* GIVEN DATA *
--------------------

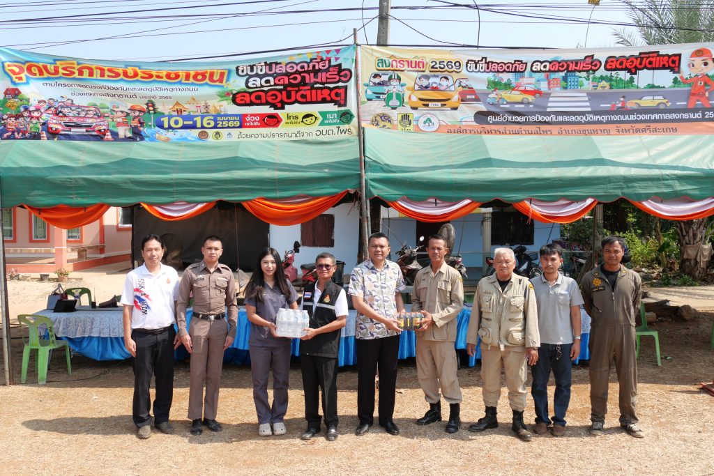 วันที่ 14 เมษายน 2569 นายศักดิ์ ภักเกลี้ยง ผู้อำนวยการสำนักงานเขตพื้นที่การศึกษาประถมศึกษาศรีสะเกษ เขต 4 มอบหมายให้ นายไตรวิชญ์ เนียมมูล รองผู้อำนวยการสำนักงานเขตพื้นที่การศึกษาประถมศึกษาศรีสะเกษ เขต 4 พร้อมด้วย นายพลกฤต บุตรอุดม ผู้อำนวยการกลุ่มอำนวยการ และคณะ ลงพื้นที่ตรวจเยี่ยมจุดตรวจ ตามโครงการรณรงค์ป้องกันและลดอุบัติเหตุทางถนน ในช่วงเทศกาลสงกรานต์ ประจำปี 2569 โซนที่ 5 ณ อำเภอขุนหาญ อำเภอไพรบึง และอำเภอพยุห์ จังหวัดศรีสะเกษ ผลการดำเนินการเป็นไปด้วยความเรียบร้อย เหตุการณ์ทั่วไปปกติ
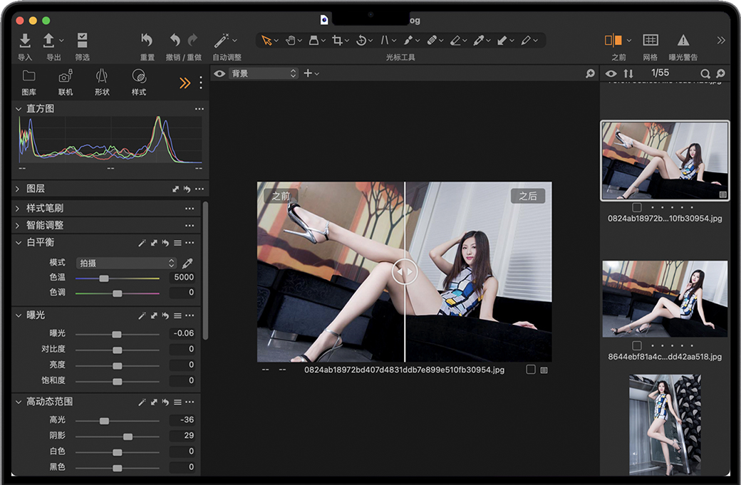 通过智能调整大幅缩短编辑时间。 通过自动调整曝光和白平衡,为在不同光线条件下拍摄的照片打造相似的效果 - 针对肖像、婚礼或其他人物拍摄工作进行了优化。
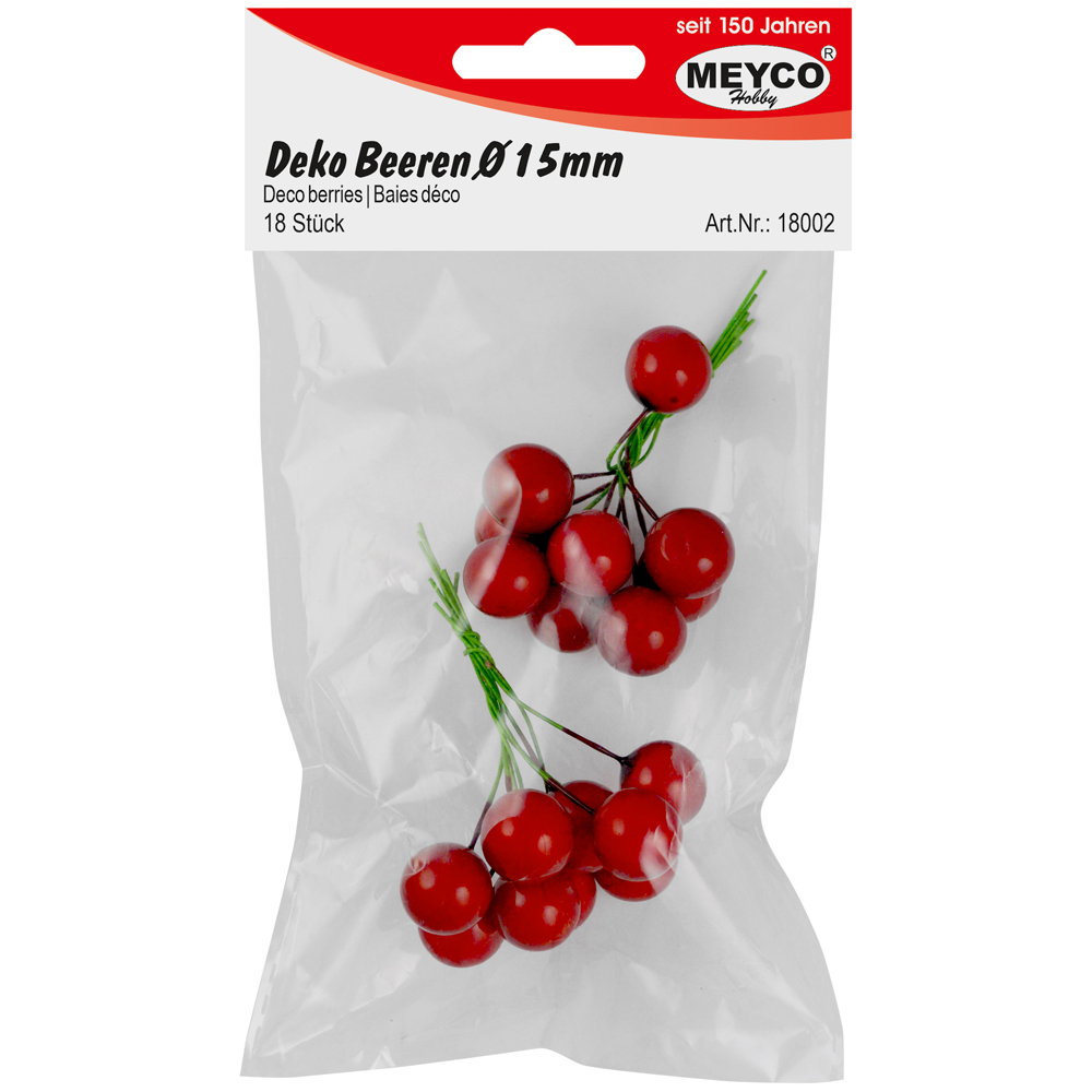 Bobule, červená, ø 1,5cm; s drátem 18 ks (18002)

--------------------

* ASSIGNMENT *
Restate the data exactly, though only from the line that contains "通过自动调整曝光和白平衡,为在不同光线条件下拍摄的照片打造相似的效果 - 针对肖像、婚礼或其他人物拍摄工作进行了优化。" through its last line, both ends included and with the pictures left out.

* SOLUTION TO THIS PROBLEM *
 通过智能调整大幅缩短编辑时间。 通过自动调整曝光和白平衡,为在不同光线条件下拍摄的照片打造相似的效果 - 针对肖像、婚礼或其他人物拍摄工作进行了优化。
 Bobule, červená, ø 1,5cm; s drátem 18 ks (18002)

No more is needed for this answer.